Reading between the lines: Love

This is a huge topic, and I’m only going to touch on it very briefly here, but on Saturday I was listening to the Today programme and heard a piece about encouraging teachers to be more loving in the classroom. 

The first speaker, Dr Andrew Curran, talked about engaging hearts and the minds would follow, and said that he would like to see “each individual child feeling important, respected, confident with the adult that’s in the class with them.”

His interlocutor, a secondary school teacher, said he had concerns about that “I worry if we’ve got to be loving our children rather than setting boundaries,” he said.

I was stunned.

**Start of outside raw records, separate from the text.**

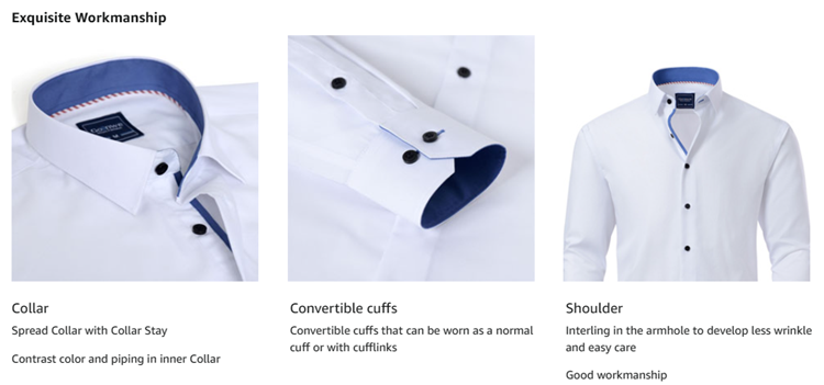 • Convertible cuffs: This dress shirts for men is nicely stitched and detailed. The style is updated with contrast on inner collar, cuffs and placket will hepl you looking sharp. Convertible cuffs that can be worn as a normal cuff or with cuff links. Interlining in front placket and armholes to develop for less wrinkles and easy care.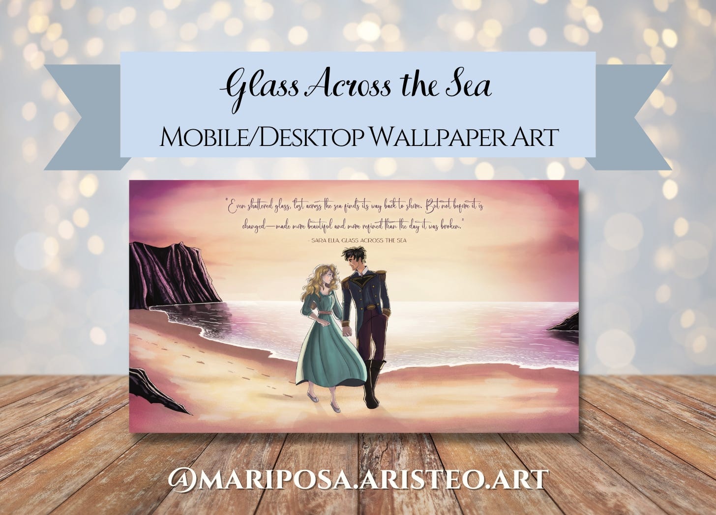 The piece she created for Glass Across the Sea has my heart and gives me all the feels. It features Noelle and Prince Dante (the novel’s two protagonists) walking along their favorite hidden seashore. The scene takes place in Chapter 3 from Dante’s perspective, and the quote featured in the artwork is also first found in this chapter.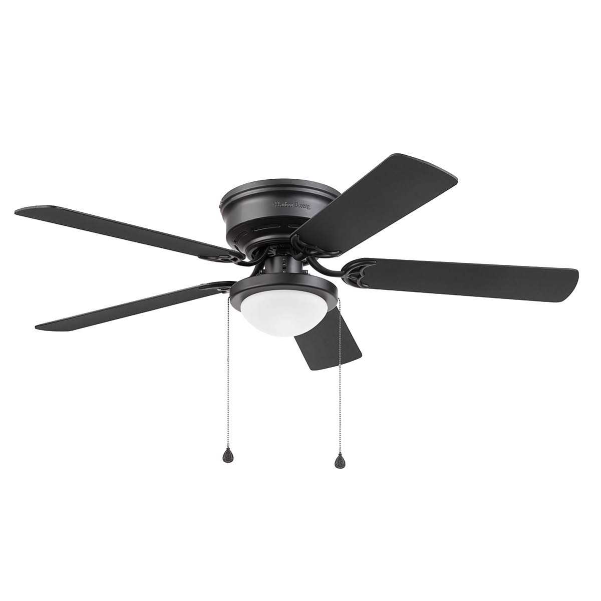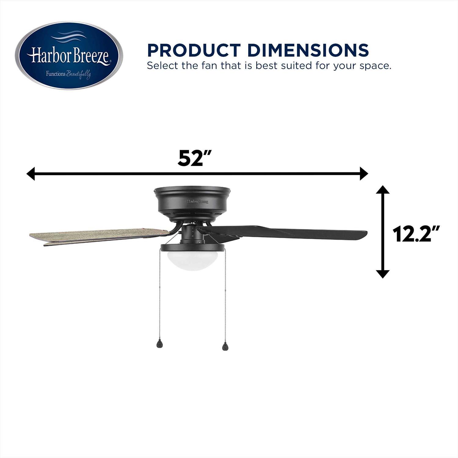 The Harbor Breeze builders series 52-in Armitage ceiling fan features a matte black finish, 5 reversible blades and light kit that includes an LED bulb.

This man genuinely believed that it was an either/or, you either set boundaries or you were loving.  If that is what the people in positions of authority in our culture think, what hope is there for the next generation?

Dr Curran came back at him and pointed out that love absolutely involves setting boundaries.  Letting the kids do whatever they want is not loving – especially in the example the teacher had used in which a child had stabbed himself in the arm with a compass.  Letting him bleed to death is not loving!

People have confused love with fun and with pally-ness.  This teacher clearly thought Dr Curran was saying ‘just be their friend’, (or actually, their parent, revealing how good the parents in his experience are at setting loving boundaries!!).  ‘Have a laugh, make the classroom a fun place to be, and forget these silly things like rules and regulations.’

Love, as Dr Curran pointed out “is actually to do with the selfless, egoless acceptance and understanding of other human beings and then supporting them in a constructive way to help them move forward.”

As the old adage goes: ‘I love you just the way you are, and I love you too much to let you stay that way.’